Rickettesial Disease

  • Suspect Rickettsial disease in any sick child with prolonged fever without any specific focus or obvious etiology.
  • Check history of travel, look for eschar (a crusty necrotic lesion with or without surrounding erythematous halo) However presence of eschar is not necessary for diagnosis.
  • Scrub typhus is endemic in India and may begin insidiously with headache, anorexia, and malaise, or start abruptly with chills and fever. As the illness evolves, most patients develop high fever, worsening of headache severity, and myalgias. An eschar or rash may develop in a subset of patients.
  • Rash can involve palms and soles in Rocky mountain spotted fever whereas in the typhus group it usually spares palms and soles.

Laboratory Diagnosis

Serology by IFA is usually positive after 7 days and is gold standard for diagnosis. PCR can be done during the 1st week. Both these are not easily available in India.

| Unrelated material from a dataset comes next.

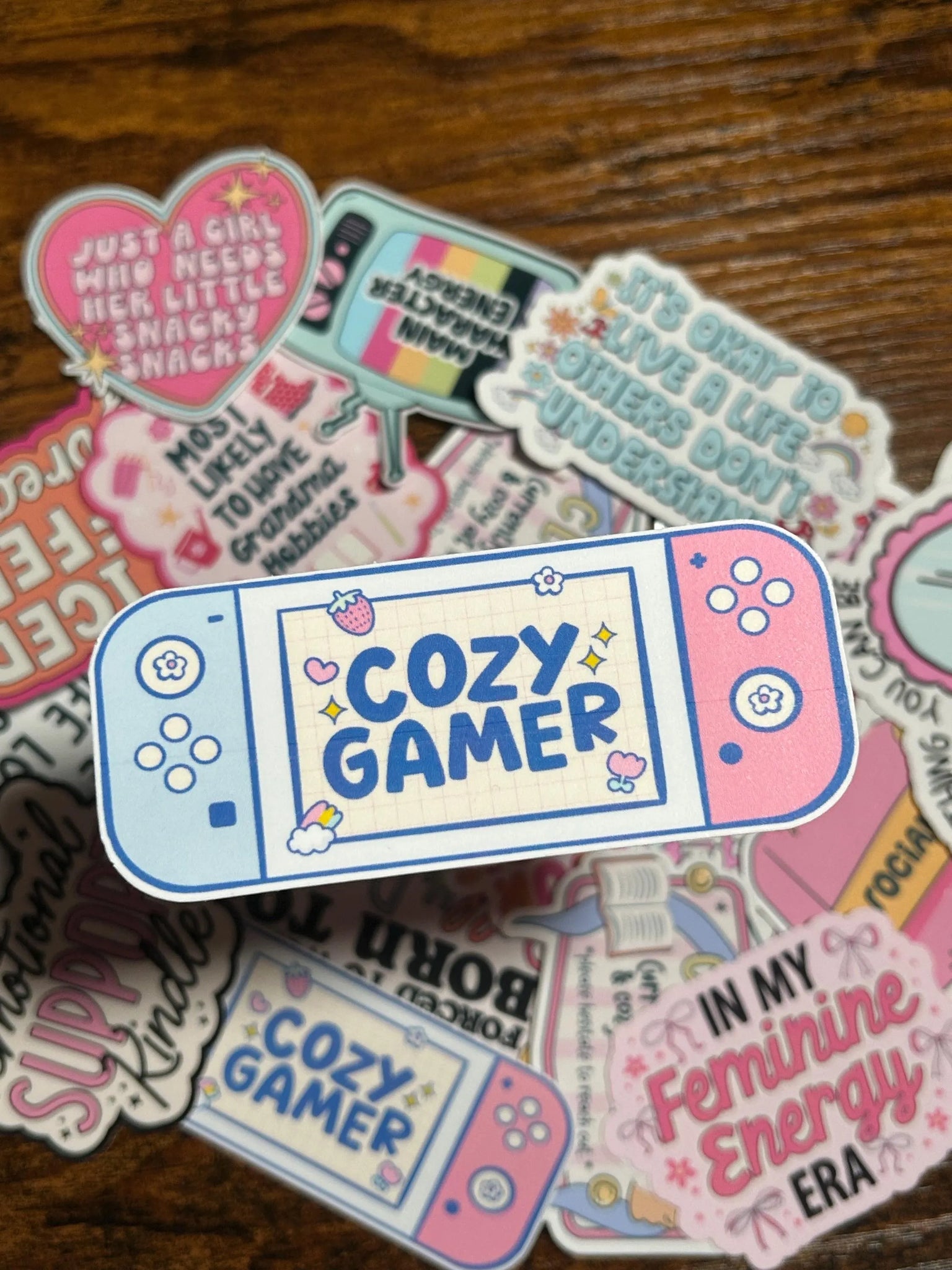Perfect for every gamer who loves soft aesthetics and cozy vibes, this “Cozy Gamer” sticker from Stick With Geo is a must-have!

Serology by ELISA (2nd week) and Weil Felix(2nd week) still remains an important tool in the diagnosis in resource-limited settings.


*Use of doxycycline for treatment of rickettsial diseases in children of any age is no longer a matter of controversy. Alternative effective drugs are macrolides (oral clarirthromycin or oral/intravenous azithromycin), chloramphenicol and rifampicin. Azithromycin is used in the dose of 10 mg/kg/ day.